What you should do :: The material below holds pictures; leave them out, and copy exactly, and only, the lines from the one with "- 全拠点で共通の鍵を用いて" through the last.
***** Exercise data *****
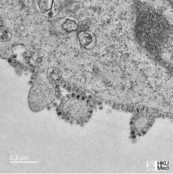 ▲香港大學(xué)電子顯微鏡圖像顯示了在細(xì)胞中生長的新型冠狀病毒。
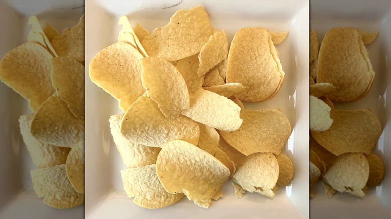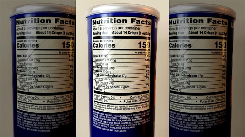 These crisps are unremarkable in the nutrition department. A serving of 14 crisps is 150 calories, with 9 grams of fat, 2.5 grams of saturated fat, 200 milligrams of sodium, and no added sugars. None of these values are all that high in terms of being a substantial percentage of the recommended daily value. That said, most people consume more than one serving at a sitting, which could add up, but you would be hard-pressed to find more than 14 whole crisps in that container.
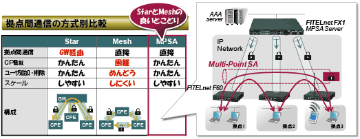 - 全拠点で共通の鍵を用いて暗号化通信を行う。共通鍵や各拠点への経路はMPSAサーバから配信
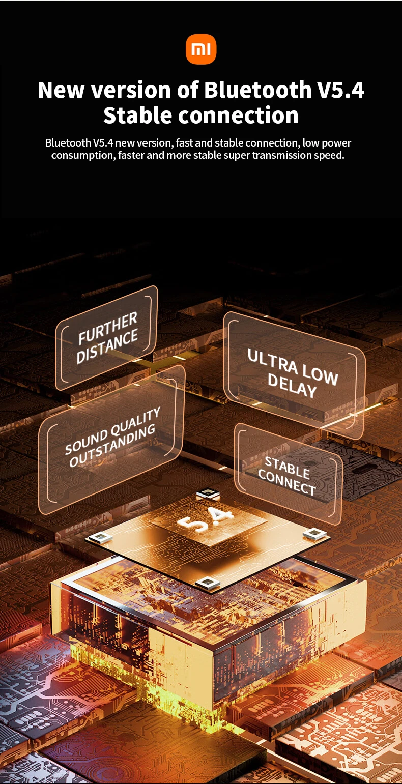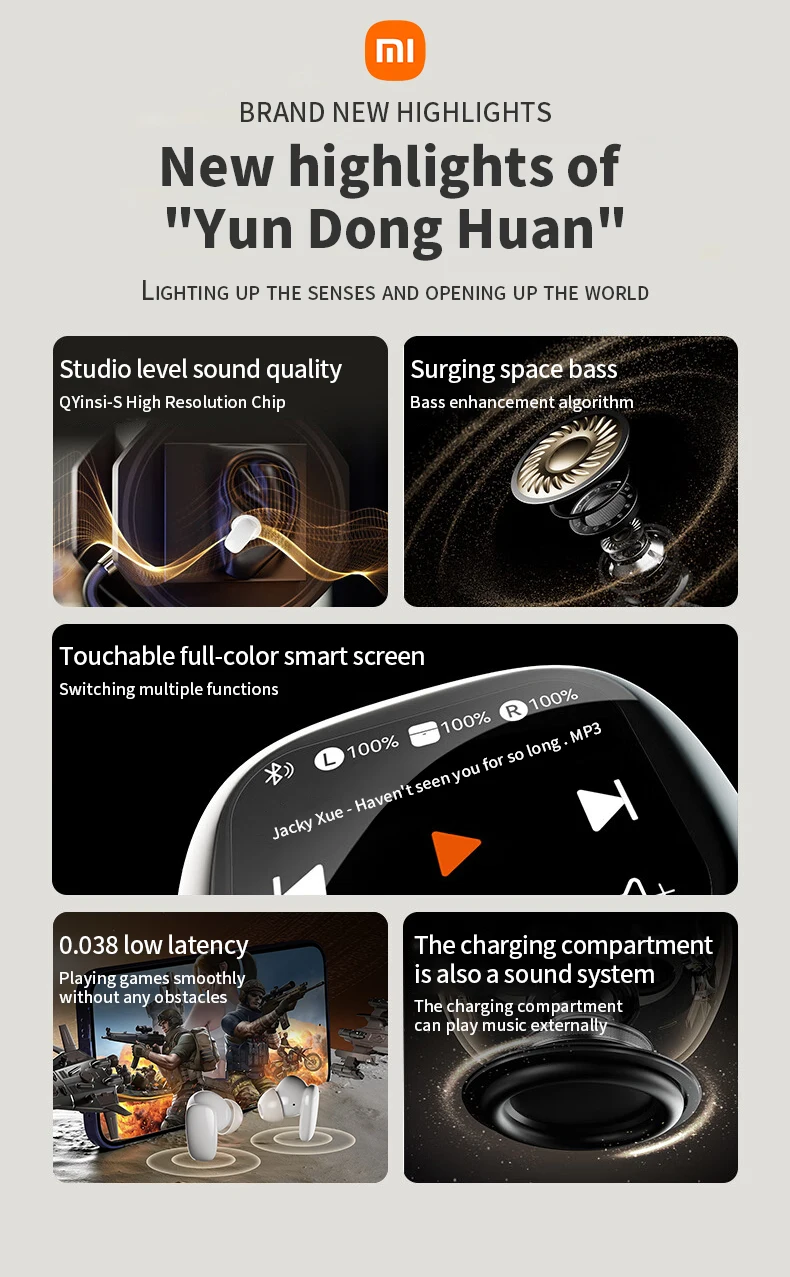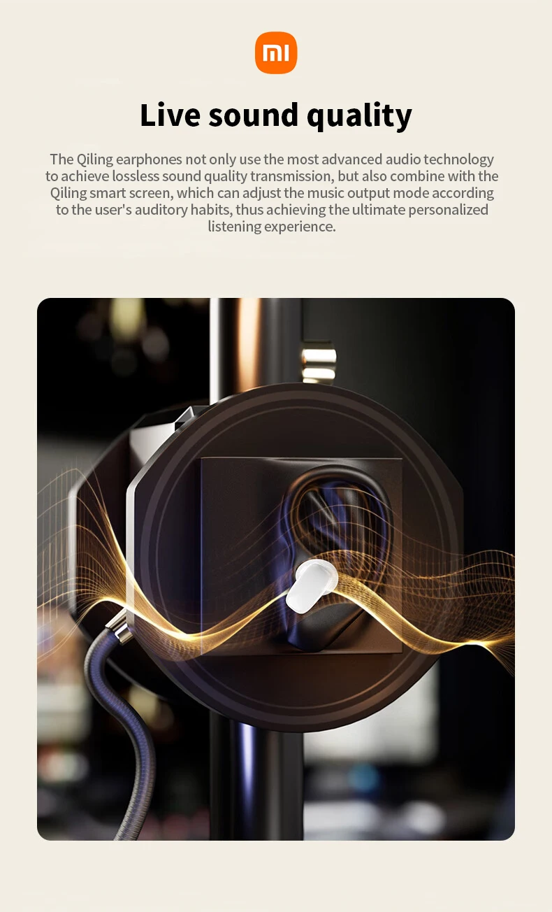 XIAOMI QLS09 ANC Wireless Earphones Bluetooth5.4 9D Sound Headphones Touch Screen Noise Cancelling Support TF Card Earbuds Headet Built-in Mic For Android iOS
*****
Exercise result ::
 - 全拠点で共通の鍵を用いて暗号化通信を行う。共通鍵や各拠点への経路はMPSAサーバから配信
 XIAOMI QLS09 ANC Wireless Earphones Bluetooth5.4 9D Sound Headphones Touch Screen Noise Cancelling Support TF Card Earbuds Headet Built-in Mic For Android iOS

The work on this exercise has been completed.